Work request :: Repeat all of the data below word for word, keeping no images.

Stored data ::
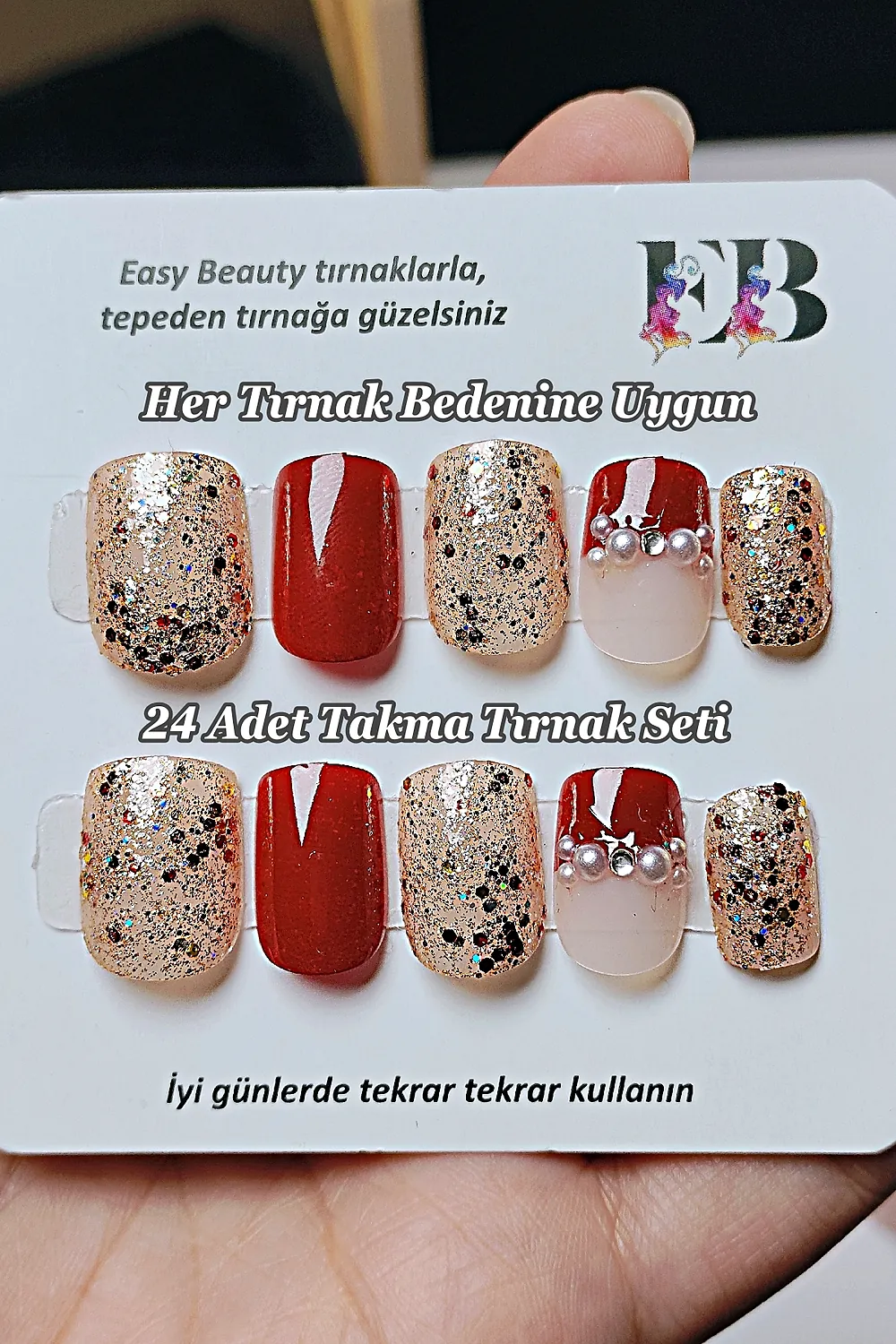 24 Adet Küt Takma Tırnak Seti Taşlı Ve Desenli Z538
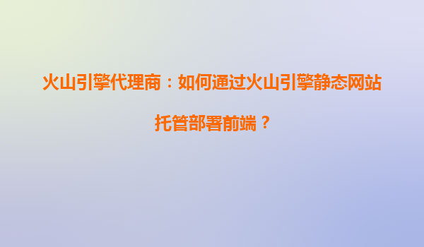 火山引擎代理商指南:如何通过火山引擎静态网站托管高效部署前端项目
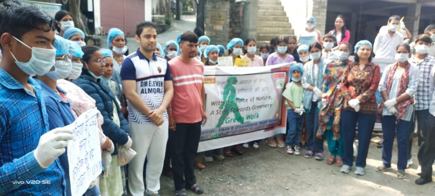 Kasar Devi (Almora): As part of the 45-day Voice for Green Earth campaign, the youth associated with Uttarakhand Youth Network (UYN) organized an awareness rally and green walk in the Kasar Devi area on Sunday. During the event, the young participants collected plastic waste, bottles, and other non-biodegradable materials scattered across the forest and handed them over to the district council’s waste collection vehicle.
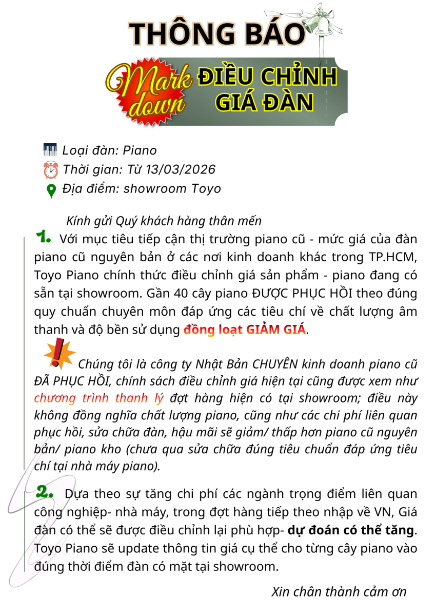 THÔNG BÁO ĐIỀU CHỈNH GIÁ PIANO
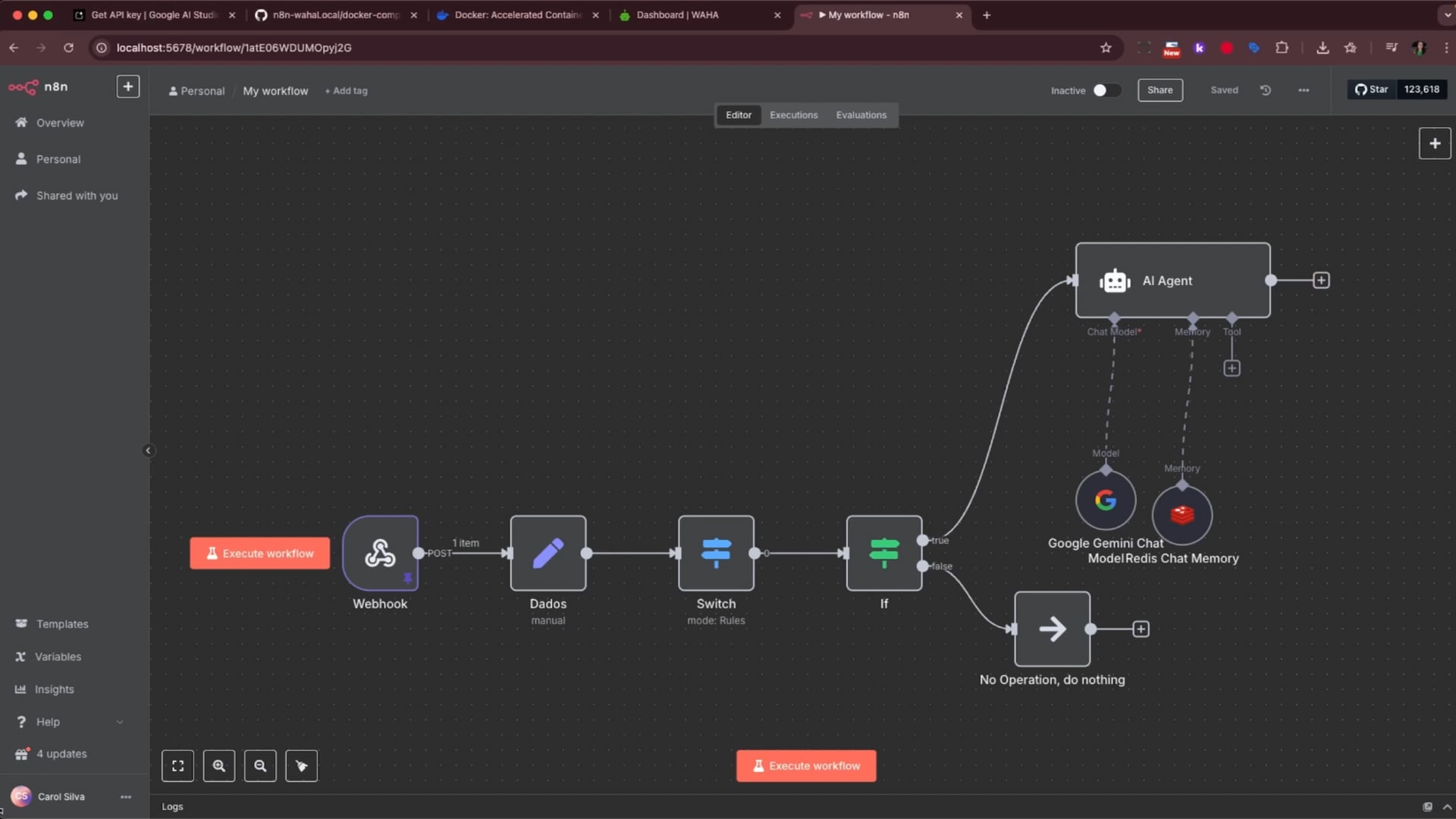 Adicionamos e configuramos nós no n8n para enviar e receber mensagens do WhatsApp usando a API WAHA. Estabelecemos conexões, capturamos IDs de sessão e chat, e automatizamos respostas do agente.
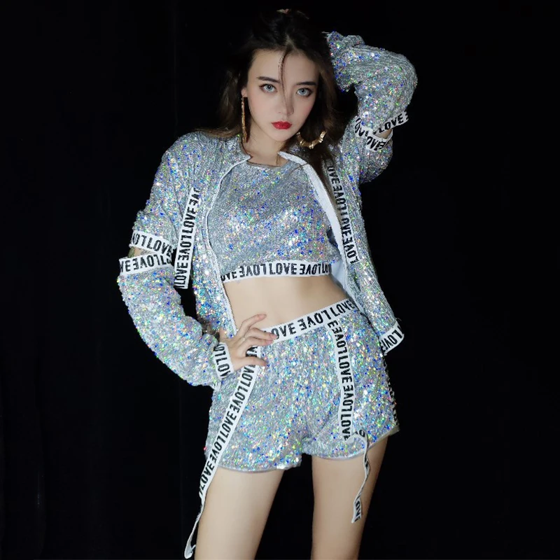 Hot Offer Jazz Dance Costumes Fashion Sequin Coat Hip Hop Clothing Adult Street Dancing Outfits Women Singer
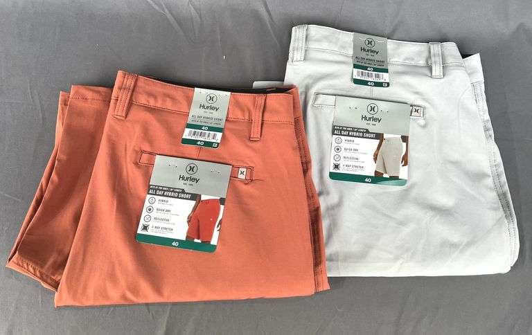 LOT 742 - 2 Brand New Men's Size 40 Hurley All Day Hybrid Shorts, "Redwood" and "Light Stone Grey". These hit at the knee/20" length. Hybrid to be worn in and out of water, they have a 4-way stretch and are quick dry. 2 times the money. Total price is quantity times bid price.

Solution below ::
 24 Adet Küt Takma Tırnak Seti Taşlı Ve Desenli Z538
 火山引擎代理商指南:如何通过火山引擎静态网站托管高效部署前端项目
 Kasar Devi (Almora): As part of the 45-day Voice for Green Earth campaign, the youth associated with Uttarakhand Youth Network (UYN) organized an awareness rally and green walk in the Kasar Devi area on Sunday. During the event, the young participants collected plastic waste, bottles, and other non-biodegradable materials scattered across the forest and handed them over to the district council’s waste collection vehicle.
 THÔNG BÁO ĐIỀU CHỈNH GIÁ PIANO
 Adicionamos e configuramos nós no n8n para enviar e receber mensagens do WhatsApp usando a API WAHA. Estabelecemos conexões, capturamos IDs de sessão e chat, e automatizamos respostas do agente.
 Hot Offer Jazz Dance Costumes Fashion Sequin Coat Hip Hop Clothing Adult Street Dancing Outfits Women Singer
 LOT 742 - 2 Brand New Men's Size 40 Hurley All Day Hybrid Shorts, "Redwood" and "Light Stone Grey". These hit at the knee/20" length. Hybrid to be worn in and out of water, they have a 4-way stretch and are quick dry. 2 times the money. Total price is quantity times bid price.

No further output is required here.